The diff coverage is 63.98%.

@@             Coverage Diff              @@
##             master    #8891      +/-   ##
============================================
- Coverage     69.78%   69.72%   -0.07%     
- Complexity     4679     4880     +201     
============================================
  Files          1808     1811       +3     
  Lines         94235    94430     +195     
  Branches      14052    14085      +33     
============================================
+ Hits          65765    65844      +79     
- Misses        23908    24017     +109     
- Partials       4562     4569       +7

Flag	Coverage Δ
integration1	`26.65% <30.05%> (-0.06%)`	⬇️
integration2	`24.85% <31.25%> (-0.04%)`	⬇️
unittests1	`66.37% <59.52%> (-0.03%)`	⬇️
unittests2	`14.84% <0.00%> (-0.05%)`	⬇️

Flags with carried forward coverage won't be shown. Click here to find out more.

Impacted Files	Coverage Δ
...dictionary/BigDecimalOffHeapMutableDictionary.java	`38.38% <0.00%> (-0.40%)`	⬇️
.../dictionary/BigDecimalOnHeapMutableDictionary.java	`34.83% <0.00%> (-0.40%)`	⬇️
...impl/dictionary/BytesOffHeapMutableDictionary.java	`54.79% <0.00%> (-0.77%)`	⬇️
.../impl/dictionary/BytesOnHeapMutableDictionary.java	`51.56% <0.00%> (-0.82%)`	⬇️
...mpl/dictionary/DoubleOffHeapMutableDictionary.java	`36.45% <0.00%> (-0.39%)`	⬇️
...impl/dictionary/DoubleOnHeapMutableDictionary.java	`32.94% <0.00%> (-0.40%)`	⬇️
...impl/dictionary/FloatOffHeapMutableDictionary.java	`38.54% <0.00%> (-0.41%)`	⬇️
.../impl/dictionary/FloatOnHeapMutableDictionary.java	`34.11% <0.00%> (-0.41%)`	⬇️
...e/impl/dictionary/IntOffHeapMutableDictionary.java	`47.91% <0.00%> (-0.51%)`	⬇️
...me/impl/dictionary/IntOnHeapMutableDictionary.java	`42.35% <0.00%> (-0.51%)`	⬇️
... and 70 more

Continue to review full report at Codecov.

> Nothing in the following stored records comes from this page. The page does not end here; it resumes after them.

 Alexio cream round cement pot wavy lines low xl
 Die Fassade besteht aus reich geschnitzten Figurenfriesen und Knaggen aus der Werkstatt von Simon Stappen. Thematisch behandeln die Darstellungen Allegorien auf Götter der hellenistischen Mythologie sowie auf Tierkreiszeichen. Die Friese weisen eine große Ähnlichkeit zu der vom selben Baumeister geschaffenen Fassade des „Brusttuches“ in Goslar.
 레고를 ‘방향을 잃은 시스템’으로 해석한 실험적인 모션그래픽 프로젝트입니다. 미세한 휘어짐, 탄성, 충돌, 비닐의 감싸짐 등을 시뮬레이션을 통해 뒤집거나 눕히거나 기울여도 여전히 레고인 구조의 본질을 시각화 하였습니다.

Legend - Click here to learn more
Δ = absolute <relative> (impact), ø = not affected, ? = missing data
Powered by Codecov. Last update c802786...8c8bb67. Read the comment docs.

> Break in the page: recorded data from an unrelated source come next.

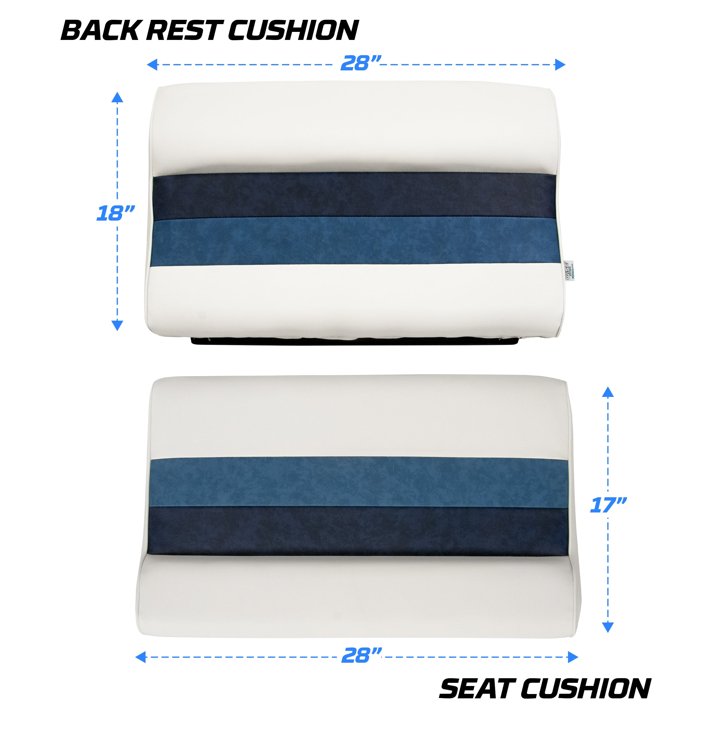 Wise 8WD95-1008 Deluxe Series Pontoon 28″ Bench Seat and Backrest Cushion Set, White/Navy/Blue
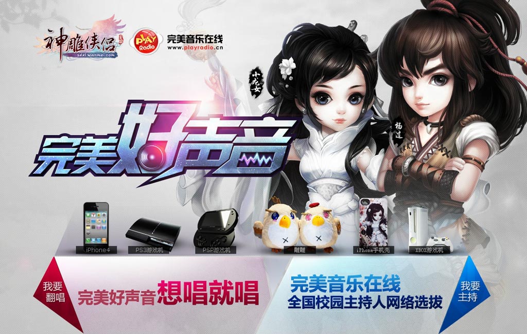 本次“完美好声音”主题活动分为校园主持人网络选拔赛,以及《神雕侠侣》游戏主题歌翻唱大赛。参与主持人选拔赛的同学请将能够展现自己的视频文件上传于视频网站(优酷、土豆等),并将链接复制于活动主页的报名相应位置;参与翻唱大赛的同学,请将作品发送至官方邮箱sdxlhd@wanmei.com,优秀的作品将有机会在完美电台打榜宣传,前三名更有机会参加北京校园现场PK大赛!
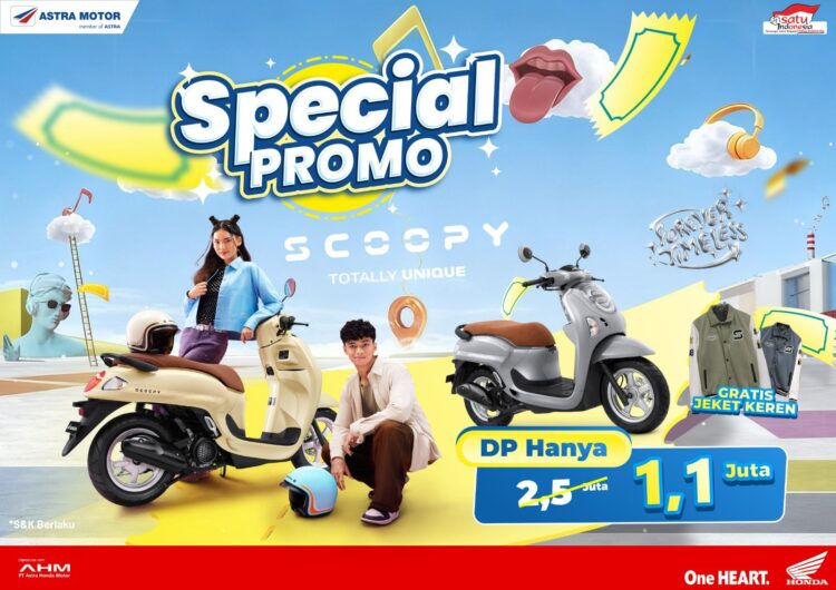 Selain lini matic kecil dan sport, penawaran menarik juga merambah ke segmen matic besar. Honda PCX160, ADV160, dan Vario 160 ditawarkan dengan uang muka yang sangat kompetitif, yakni mulai dari Rp1,2 juta hingga Rp1,3 juta. Khusus untuk pembelian Honda Scoopy, konsumen cukup membayar DP Rp1,1 juta dan akan langsung mendapatkan bonus jaket eksklusif.

richardstartin · 2022-06-15T10:18:54Z

...ain/java/org/apache/pinot/core/operator/filter/predicate/NotInPredicateEvaluatorFactory.java

+        // NOTE: Add value-by-value to avoid overhead
+        //noinspection ManualArrayToCollectionCopy


What is the overhead being avoided here? Have you compared with

Set<ByteArray> nonMatchingValues = new ObjectOpenHashSet<>(Arrays.asList(notInPredicate.getBytesValues()));

Directly construct the set from a list won't honor the min hash set size (not sure how much it helps, but don't want to couple that change into this change).

I decide to keep the value-by-value add to skip the redundant capacity check in the ObjectOpenHashSet.addAll() because we already set the proper capacity up-front. Also want to keep the behavior the same for all data types so that it is easier to track

I’m not going to test it but would be amazed if this were beneficial. Shouldn’t hash map size be controlled by the load factor anyway?

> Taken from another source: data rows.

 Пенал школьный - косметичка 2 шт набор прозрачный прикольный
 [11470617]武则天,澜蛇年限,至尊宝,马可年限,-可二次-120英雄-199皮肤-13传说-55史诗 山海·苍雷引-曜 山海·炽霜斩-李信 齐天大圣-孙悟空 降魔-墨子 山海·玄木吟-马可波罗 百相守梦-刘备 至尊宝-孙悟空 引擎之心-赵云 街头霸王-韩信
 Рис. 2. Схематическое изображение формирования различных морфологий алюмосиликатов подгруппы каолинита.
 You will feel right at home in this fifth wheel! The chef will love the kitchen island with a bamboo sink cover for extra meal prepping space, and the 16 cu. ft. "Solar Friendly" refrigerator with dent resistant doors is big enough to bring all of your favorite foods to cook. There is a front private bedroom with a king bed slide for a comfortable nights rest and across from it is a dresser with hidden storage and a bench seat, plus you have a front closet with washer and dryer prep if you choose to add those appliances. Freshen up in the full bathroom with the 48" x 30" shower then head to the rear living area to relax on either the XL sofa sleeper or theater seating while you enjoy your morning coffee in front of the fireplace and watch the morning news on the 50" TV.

The min hash set size is introduced in #3009, and the claim is that it reduces the latency for a query from 580ms to 430ms. We might want to revisit that number some time

I’m sure the hash sets were too small by default but this could have been resolved via the load factor, and would probably have made this even faster (it would have been nice if profiles before and after were captured for posterity).

xiangfu0 · 2022-06-16T09:51:10Z

pinot-spi/src/main/java/org/apache/pinot/spi/utils/ByteArray.java

+  // Hash for empty ByteArray is 1
+  private int _hash = 1;
+
  public ByteArray(byte[] bytes) {


Is this ByteArray reusable? If so, we should reset _hash = 1 here.
Or just have one more boolean represent if hash is already computed in method hash()

Java’s string added a flag whether the hash had been computed to avoid computing the hash every time if the hash code happened to be 0, the same should be done here in case the hash happens to be 1 (finding {x_i} such that sum(x_i * 31^(n-i)) = 1 gives the byte arrays which collide, it’s easy to construct examples and they do occur in reality)

@xiangfu0 Good point. We don't reuse the byte[] in the ByteArray right now, but there is no way to enforce that without cloning a byte array during construction, which will add overhead.
Added some comments to the javadoc

@richardstartin I'm following the String implementation within the adopt-openjdk-11 which has the following check:

public int hashCode() { int h = hash; if (h == 0 && value.length > 0) { hash = h = isLatin1() ? StringLatin1.hashCode(value) : StringUTF16.hashCode(value); } return h; }

I assume the collision will be super rare, and is not worth the overhead of storing an extra boolean field? Do you know if this implementation is changed in newer JDK version?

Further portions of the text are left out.